Running economy essentially is a measure of the oxygen consumed by a runner at a given speed. Oxygen is the fuel for runners, Barnes said, so if they are more economical in using it, they generally experience better performance.

One result is that elite runners could see — and have seen — significant reductions in their running times, in some cases crushing records, Barnes said.

"It's definitely shifting the dynamic," said Barnes, who has competed in such races as the Boston Marathon. "What are we watching? Some say we're not just watching athletes but seeing whose technology is better. There is worry about engineers dictating outcomes."

Indeed, the integrity of the sport is at the center of the debate over shoe technology. What some see as advancement of the sport, others see as technology doping, which involves producing a competitive advantage through sports equipment.
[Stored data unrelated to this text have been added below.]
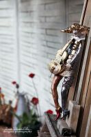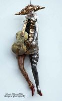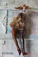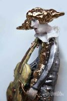 ELEMENTY: CZAPKA, MASKA, SZATA ORAZ DETALE WIOLONCZELI SZKLIWIONĘ ZŁOTEM.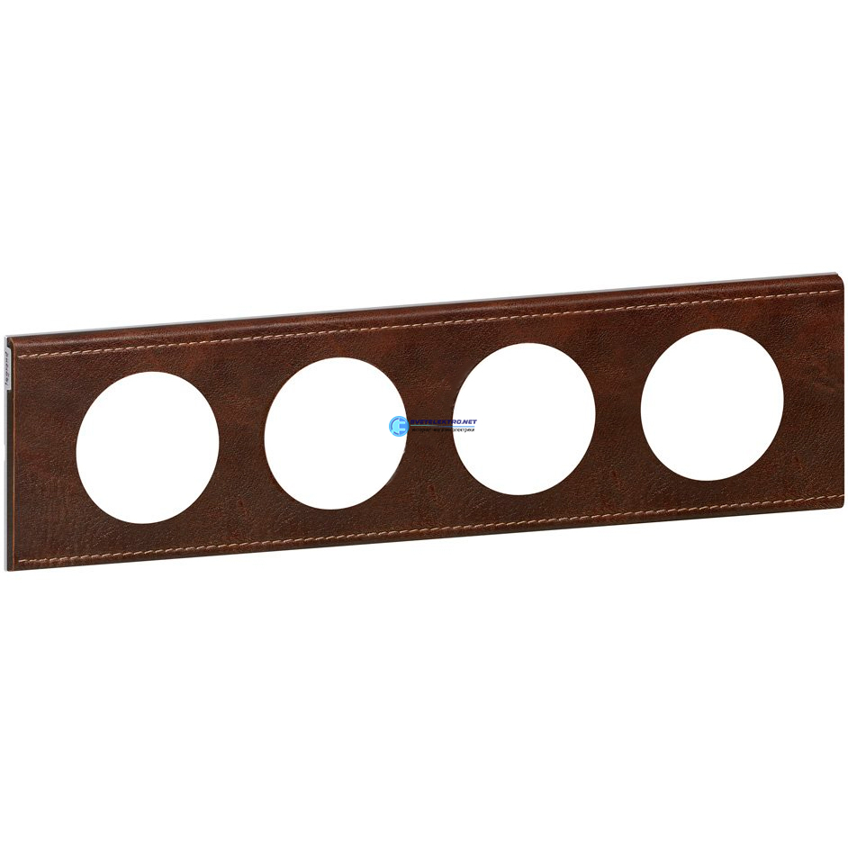 Рамка, четырехпостовая, коричневая текстурная кожа, код 069404, производитель Legrand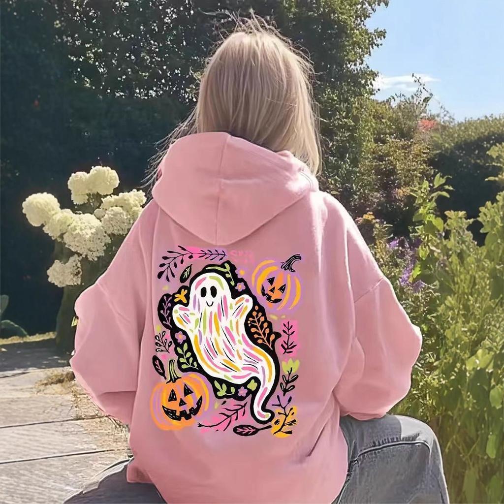 Женские весенне-осенние повседневные худи с капюшоном и длинными рукавами, с большим карманом, с принтом Хэллоуинского призрака и тыквы, пуловер, толстовка, топ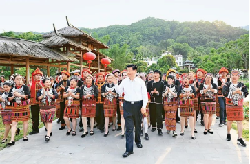 2022年4月10日至13日,中共中央總書記、國家主席、中央軍委主席習(xí)近平在海南考察。這是11日下午,習(xí)近平在五指山市水滿鄉(xiāng)毛納村向村民們揮手致意。新華社記者李學(xué)仁/攝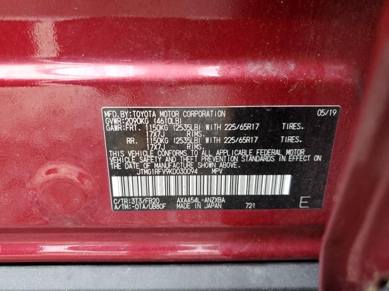 - ВИН: JTMG1RFV9KD******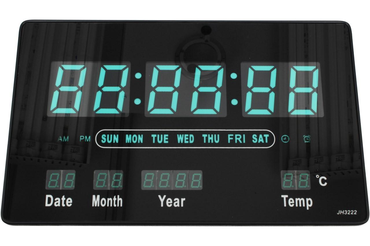 Tyto digitální hodiny JH3222 Vás překvapí svou jednoduchostí a přehledným LCD displejem, který je podsvícený červenou nebo zelenou barvou a dodá hodinám zajímavý vzhled. Obsahují pouze 4 tlačítka na celou manipulaci a návod, jak na to obdržíte v balení. Můžete je pověsit na zeď, díky otvoru na zadní straně nebo jen o něco opřít. Jsou vhodné do bytů, kanceláří, vstupních chodeb, prodejen, čekáren atd. Nastavitelný budík nebo čas pro upozornění např. pracovní doby nebo jiného pravidelného času je samozřejmostí. Na displeji se vám dále zobrazuje pokojová teplota, datum i s rokem, jaký je den a samozřejmě čas. Velikost čísel je 5 cm, tudíž se už nemůžete vymluvit na to, že jste přehlédli čas. Napájení provádíte pomocí 5V adaptéru, který je součástí balení.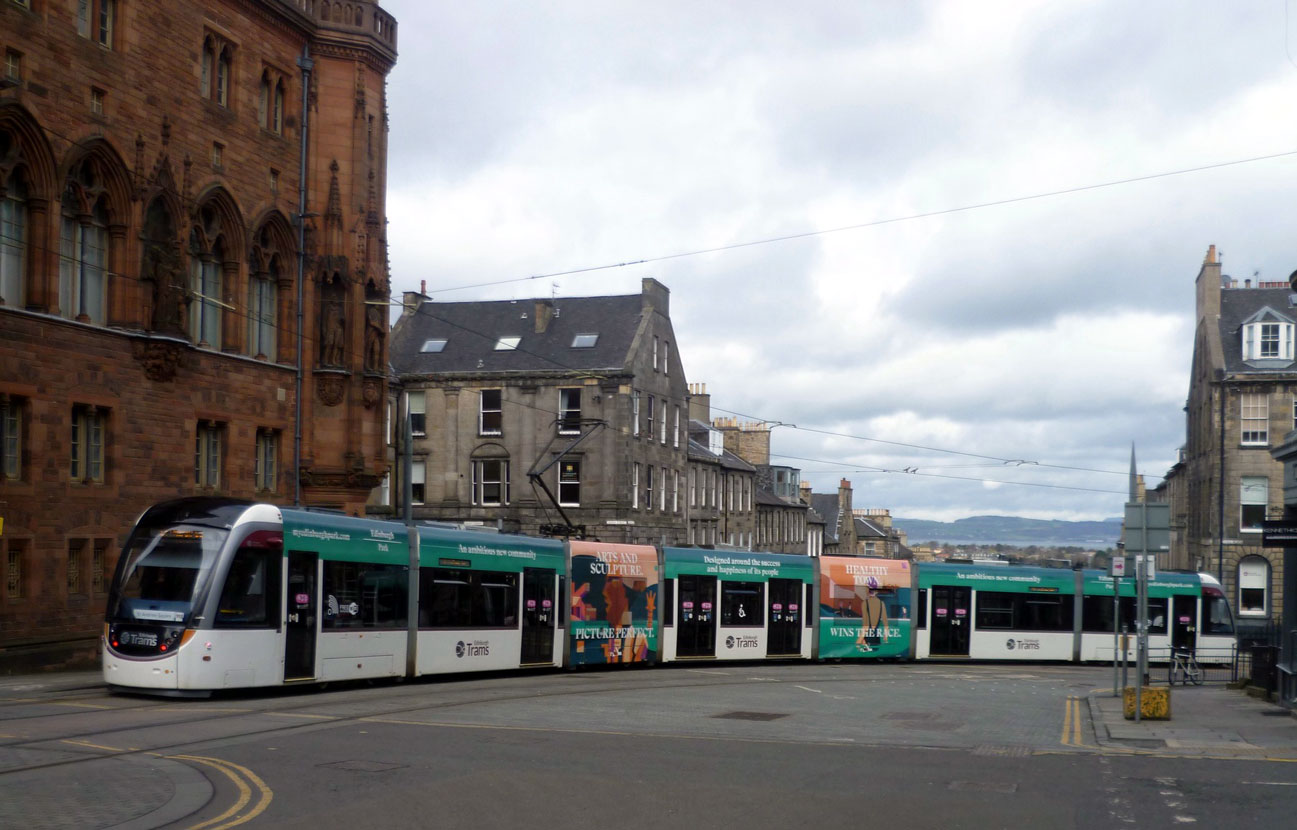 271 has left the stop and now rounds the curve to York Place. Red sandstone Scottish National Portrait Gallery on the left. Dublin Street goes down hill beyond tram. The hills of Fife across the Firth of Forth in the distance.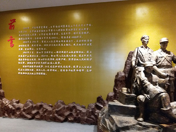 砂村文化礼堂二楼的新四军纪念馆,详细地记录着抗战时期砂村军民抗日用的英勇事迹。为再现历史场景,纪念馆里不仅搜集了大量抗日战争时期的实物,还配有大屏幕投影等现代媒体设备。

A high-profile example of this dilemma involves the restrictions placed on swimsuits for competitions after swimmers using full-body suits at the 2008 Beijing Olympics repeatedly shattered world records, Barnes said.

Barnes said the independent nature of his research, which has been widely referenced in both traditional and social media, plays an important role in the data that is available since companies also fund studies.

As for any further research, Barnes said he is assessing that possibility while also considering the challenges presented by the dizzying pace of technology breakthroughs. One thing is for sure, though, he said: Shoe advancements are now part of the sport and runners must stay on top of the latest technology to stay competitive.

"Shoe technology is at an arms race right now, it's evolving so fast," Barnes said.